A different proposal, due to Harman (1976, p. 168) is that intentions are ‘conclusion[s] of practical reasoning’ (see also Ross 2009, pp. 270–2). But it seems possible to intend an action spontaneously, for no particular reason. In later work, Harman looks downstream of intention, rather than upstream: an intention is a belief about what one is doing or what one is going to do that has the power to guide and motivate action through practical thought (Harman 1986, pp. 375–6; Setiya 2007a, pp. 48–53). This claim interacts with the question about ‘disjunctive’ theories left unanswered at the end of section 2. If intention involves belief, those who treat knowledge as basic, with mere belief its defective form, will take a similar view of ‘knowledge in intention’ (Rödl 2007; Ch. 2; McDowell 2010, §7; Marcus 2012, Ch. 2). In the good case, one’s intention in action involves knowledge of what one is doing: it entails, so cannot cause or motivate, one’s action. In the bad case, one merely intends to act. If not its causal role, however, what distinguishes knowledge in intention from knowledge of other kinds?
Finally, there is Anscombe’s own view, on which there is a normative contrast between intention and ordinary belief. If one fails to act as one intends, and not through a mistaken belief about the means or possibilities for action, ‘the mistake is not one of judgment but of performance’ (Anscombe 1963, pp. 56–7). Intention sets a standard of success for what does. (For discussions of this point, see Frost 2014; Setiya 2016a; Campbell 2018a; Campbell 2018b.) What is more, there is ‘a difference of form between reasoning leading to action and reasoning for the truth of a conclusion’ (Anscombe 1963, p. 60). Intention is justified by the former, not the latter: by practical not theoretical reasoning (Anscombe 1963, pp. 57–62).
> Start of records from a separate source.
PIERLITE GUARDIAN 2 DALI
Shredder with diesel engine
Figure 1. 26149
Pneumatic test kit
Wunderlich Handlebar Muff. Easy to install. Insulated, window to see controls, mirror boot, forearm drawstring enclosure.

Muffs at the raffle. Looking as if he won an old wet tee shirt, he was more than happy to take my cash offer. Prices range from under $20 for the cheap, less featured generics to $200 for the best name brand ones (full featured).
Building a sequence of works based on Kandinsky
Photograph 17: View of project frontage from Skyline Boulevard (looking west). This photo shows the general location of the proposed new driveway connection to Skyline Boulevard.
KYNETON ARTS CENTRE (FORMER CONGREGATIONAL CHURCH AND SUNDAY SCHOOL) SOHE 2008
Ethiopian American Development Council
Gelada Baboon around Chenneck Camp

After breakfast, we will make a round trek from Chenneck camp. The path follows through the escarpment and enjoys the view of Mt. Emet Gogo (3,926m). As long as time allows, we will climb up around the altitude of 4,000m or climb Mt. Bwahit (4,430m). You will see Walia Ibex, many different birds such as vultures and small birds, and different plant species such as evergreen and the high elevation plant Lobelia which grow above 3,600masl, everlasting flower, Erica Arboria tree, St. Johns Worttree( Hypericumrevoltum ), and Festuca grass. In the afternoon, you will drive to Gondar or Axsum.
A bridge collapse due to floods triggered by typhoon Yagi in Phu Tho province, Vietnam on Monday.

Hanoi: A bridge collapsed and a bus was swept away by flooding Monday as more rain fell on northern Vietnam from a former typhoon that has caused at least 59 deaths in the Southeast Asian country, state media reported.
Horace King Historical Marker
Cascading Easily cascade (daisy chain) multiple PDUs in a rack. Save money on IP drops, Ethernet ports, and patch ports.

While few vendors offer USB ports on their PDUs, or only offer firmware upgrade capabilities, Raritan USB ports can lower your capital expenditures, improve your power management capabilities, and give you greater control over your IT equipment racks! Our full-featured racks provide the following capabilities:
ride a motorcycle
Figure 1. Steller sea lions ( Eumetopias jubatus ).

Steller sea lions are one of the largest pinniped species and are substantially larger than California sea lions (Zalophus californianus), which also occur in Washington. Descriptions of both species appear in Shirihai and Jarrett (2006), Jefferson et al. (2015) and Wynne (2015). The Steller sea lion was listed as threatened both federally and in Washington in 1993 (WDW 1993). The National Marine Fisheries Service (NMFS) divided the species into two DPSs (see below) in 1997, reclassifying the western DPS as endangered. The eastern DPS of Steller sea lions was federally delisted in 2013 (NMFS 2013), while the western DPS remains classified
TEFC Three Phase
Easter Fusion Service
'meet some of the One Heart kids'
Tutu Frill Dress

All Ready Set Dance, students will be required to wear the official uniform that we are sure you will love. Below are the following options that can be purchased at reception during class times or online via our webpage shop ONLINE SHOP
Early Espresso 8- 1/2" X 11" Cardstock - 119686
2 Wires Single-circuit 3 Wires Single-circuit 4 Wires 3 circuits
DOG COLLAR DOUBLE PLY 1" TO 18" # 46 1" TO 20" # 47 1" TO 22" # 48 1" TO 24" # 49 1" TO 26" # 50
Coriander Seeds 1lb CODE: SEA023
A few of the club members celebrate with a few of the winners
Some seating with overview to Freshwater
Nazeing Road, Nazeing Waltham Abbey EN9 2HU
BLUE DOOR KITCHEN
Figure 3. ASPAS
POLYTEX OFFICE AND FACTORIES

In this respect, Anscombe’s doctrine differs most sharply from Velleman’s. As well as thinking of intention as a kind of belief, Velleman holds that ‘practical reasoning is a kind of theoretical reasoning’ (Velleman 1989, p. 15; see also Ross 2009). In a review of Velleman’s book, Bratman (1991, pp. 250–1) dubbed the conjunction of these claims ‘cognitivism about practical reason.’ It prompts what Davidson (1978, p. 95) called ‘the strongest argument against identifying [intention] with [belief],’ that ‘reasons for intending to do something are in general quite different from reasons for believing one will do it.’ Though Velleman (1989, pp. 122–5) defends that identification, one need not do so in order to accept the theory of intention as belief or the idea of ‘practical knowledge’ as ‘knowledge in intention.’
A more modest ‘cognitivism’ would hold that intention entails belief, that practical reasoning does not reduce to theoretical, but that some requirements that govern intention are best understood as requirements of theoretical reason. It is often regarded as a virtue of such cognitivism that it explains why there should be an indefeasible requirement of consistency among intentions and beliefs (Ross 2009, pp. 244–7). It has also been argued that the requirement of means-end coherence follows from requirements of theoretical reason on the beliefs that figure in our intentions (Harman 1976, p. 153; Wallace 2001; Setiya 2007b; Ross 2009, pp. 261–5). If I intend to do E and thus believe that I will do it, and I believe that doing M is a necessary means to doing E, but do not intend or believe that I am going to do M, I fail to believe a practically salient logical consequence of what I believe. The principal challenge for a cognitivist account of means-end coherence is to explain why one must avoid such theoretical failures by forming the relevant intention, not just the corresponding belief (Bratman 2009a). But once again, one need not defend cognitivism, even in its less ambitious form, in conceiving intention as a kind of belief.
There are two main arguments against this conception. The first turns on apparent cases of intention without belief. According to Davidson, ‘[a] man may be making ten carbon copies as he writes, and this may be intentional; yet he may not know that he is; all he knows is that he is trying’ (Davidson 1971, p. 50; see also Davidson 1978, pp. 91–4). Or imagine I am recovering from paralysis, and movement slowly returns to my hand. At a certain point, I am not sure that I can clench my fist. As it happens, I can. But if I try to do so behind my back, under anesthesia, I may not believe that I am clenching my fist, even though—on the face of it—I am doing so intentionally, and that is just what I intend (Setiya 2008, pp. 390–1). Something similar crops up in planning for the future. I intend to mail the bills on the way to work, but I know that I am forgetful, and don’t believe that I will do it (see Bratman 1987, pp. 37–8).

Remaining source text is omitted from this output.